Lastly, there is the politics of media literacy
- “Responsibility” of the individual. In politics in particular, the call for media literacy and education to solve the problems of digital platforms leads individuals, albeit unintentionally, to deal with the explosion of complexities, problems and possibilities of our digital society. In a political field in which governments fear that they lack the power to take on the big platforms, the individual must become wise, knowledgeable about the media and rise to the challenge. Since, of course, the individual can hardly be successful where the governments cannot, the politics of media literacy risks not only incriminating the individual for the problems of the digital environment, but also blaming them.
As Ioanna Noula recently put it, “by emphasizing friendliness and ethics, these approaches also undermine the value of conflict and dissent in promoting democracy” and they “decontextualize” citizenship so that “the attention of concerned adults and youth alike is diverted “. of the social conditions that make young people vulnerable. ”Instead of empowered media-competent citizens who exercise their communicative claims, the focus is therefore on conscientious citizens as part of a moralizing discourse.

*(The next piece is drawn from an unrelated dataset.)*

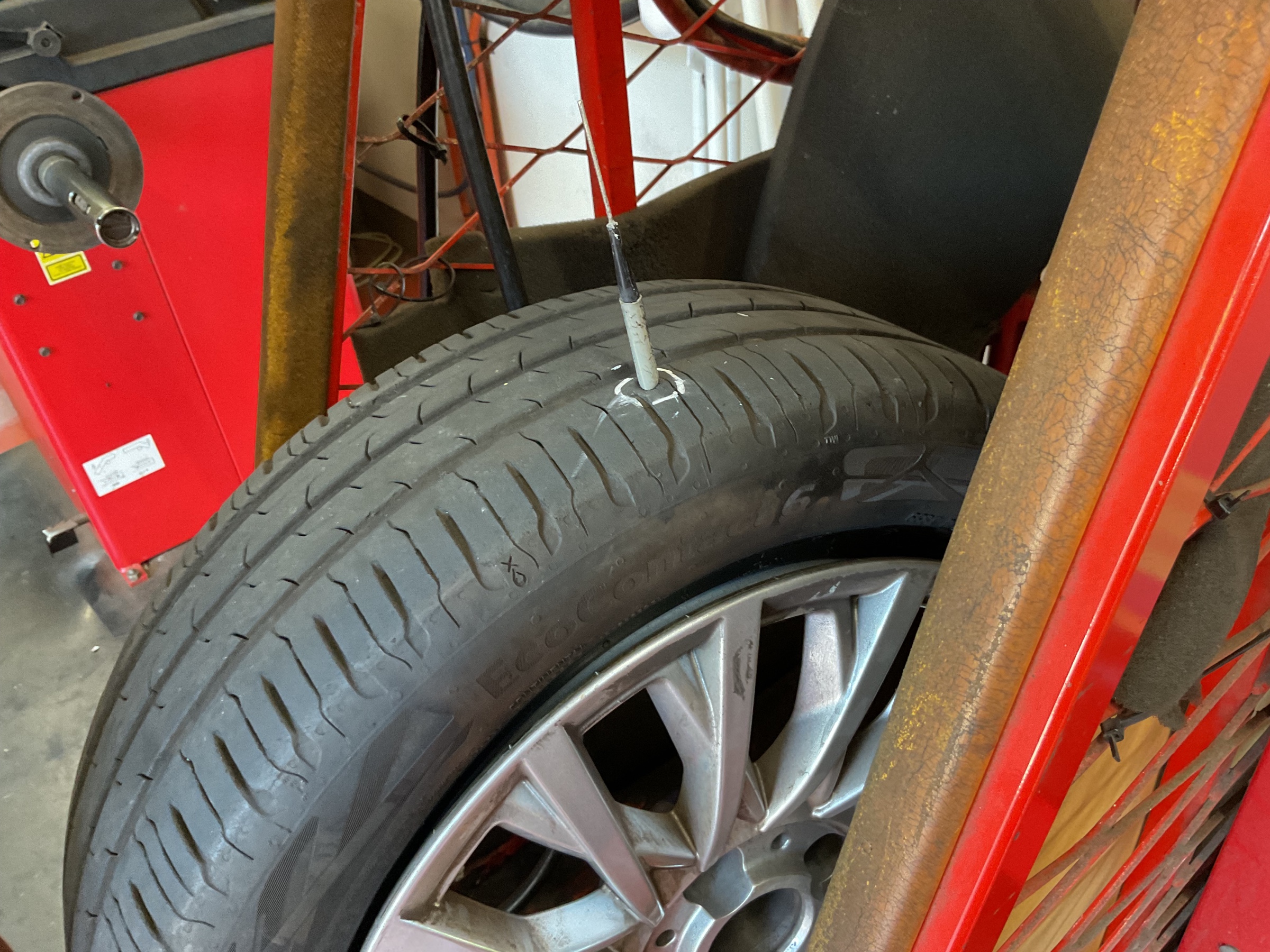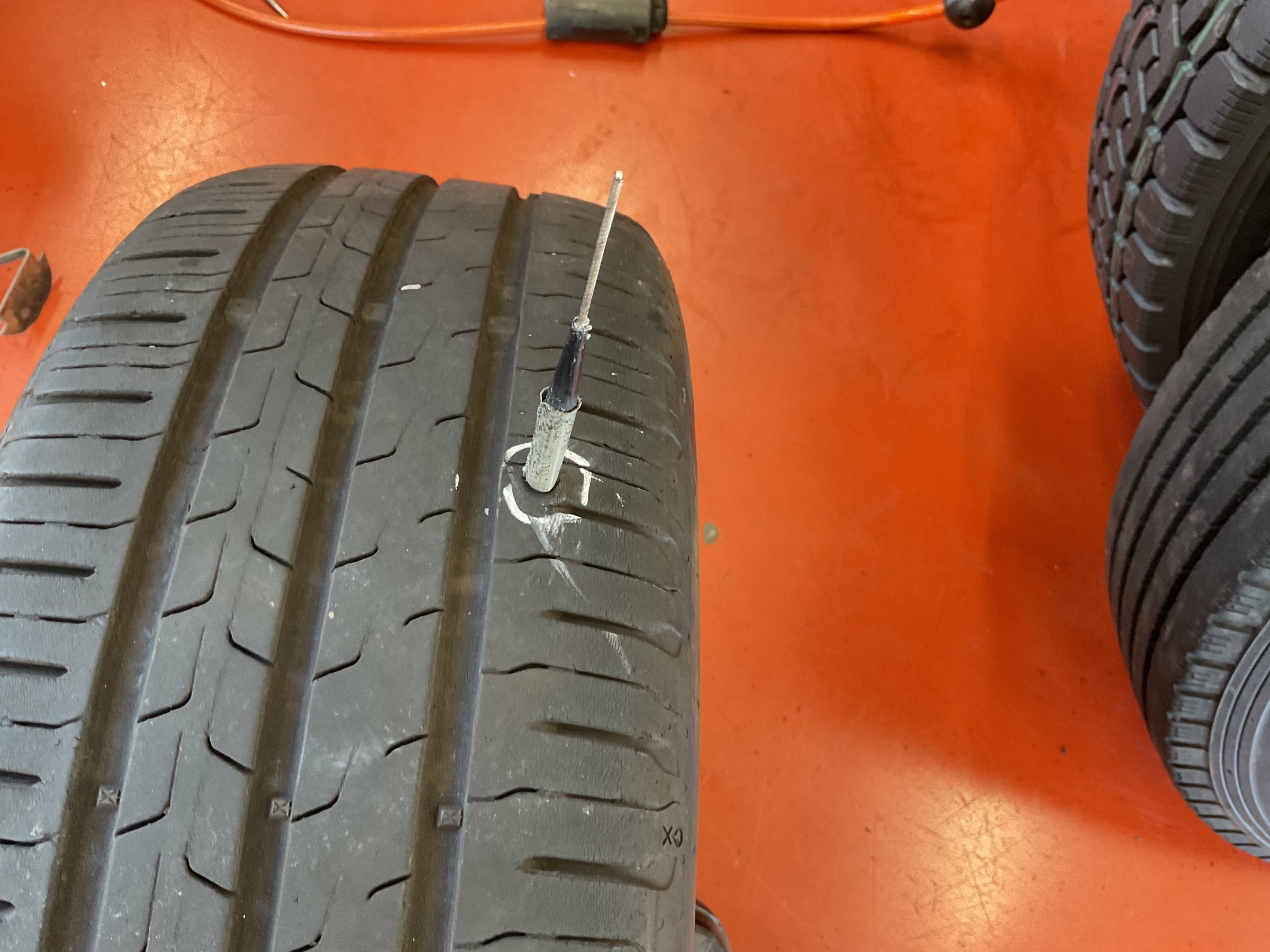釘が刺さっているのを発見しご来店されました。

How can we turn things around?
I make three suggestions to end on a positive note:
Before advocating media literacy as part of a solution to the latest socio-technological diseases, we should take a holistic approach. That said, let’s get the problem really clear and see what role media or digital technologies play in this problem – if any! We could even ask for a “theory of change” to clarify how the various components of a possible solution should work together. And if you get ambitious now, how about a responsible organization – whether local, national or international – tasked with coordinating all of these measures and evaluating the results?
Then let’s find out all the other actors so we can articulate what part of the solution media literacy can provide and what others will contribute – regulators, policymakers, civil society organizations, the media itself – thus avoiding the insidious tendency towards the whole problem, Throwing media educators at the feet. We could also expect – demand – that the other actors embed media literacy expectations in their DNA so that all organizations creating the digital environment share the task of explaining the way they work to the public and providing user-friendly accountability mechanisms.
Finally, let’s take the questions of value, empowerment, and politics seriously. How does it look good? Are they dutiful citizens who are nice to each other on the Internet and behave properly? Or are they weighing, debating, even contradicting citizens? Citizens speaking out through digital media, organizing through digital media, protesting to the authorities and insisting to be heard? I think it should be the latter, not least because our societies are increasingly divided, angry and disempowered. It is time for people to be heard, and it is time for the digital environment to deliver on its democratizing promise. However, this requires a change from policy makers. We shouldn’t just ask whether people trust the media or trust the government. We should also ask ourselves whether the media trust people and treat them with respect. And whether governments and related authorities and civil organizations trust people, treat them with respect and hear what they say.
This article represents the views of the author and not the position of the LSE Media Policy Project or the London School of Economics and Political Science.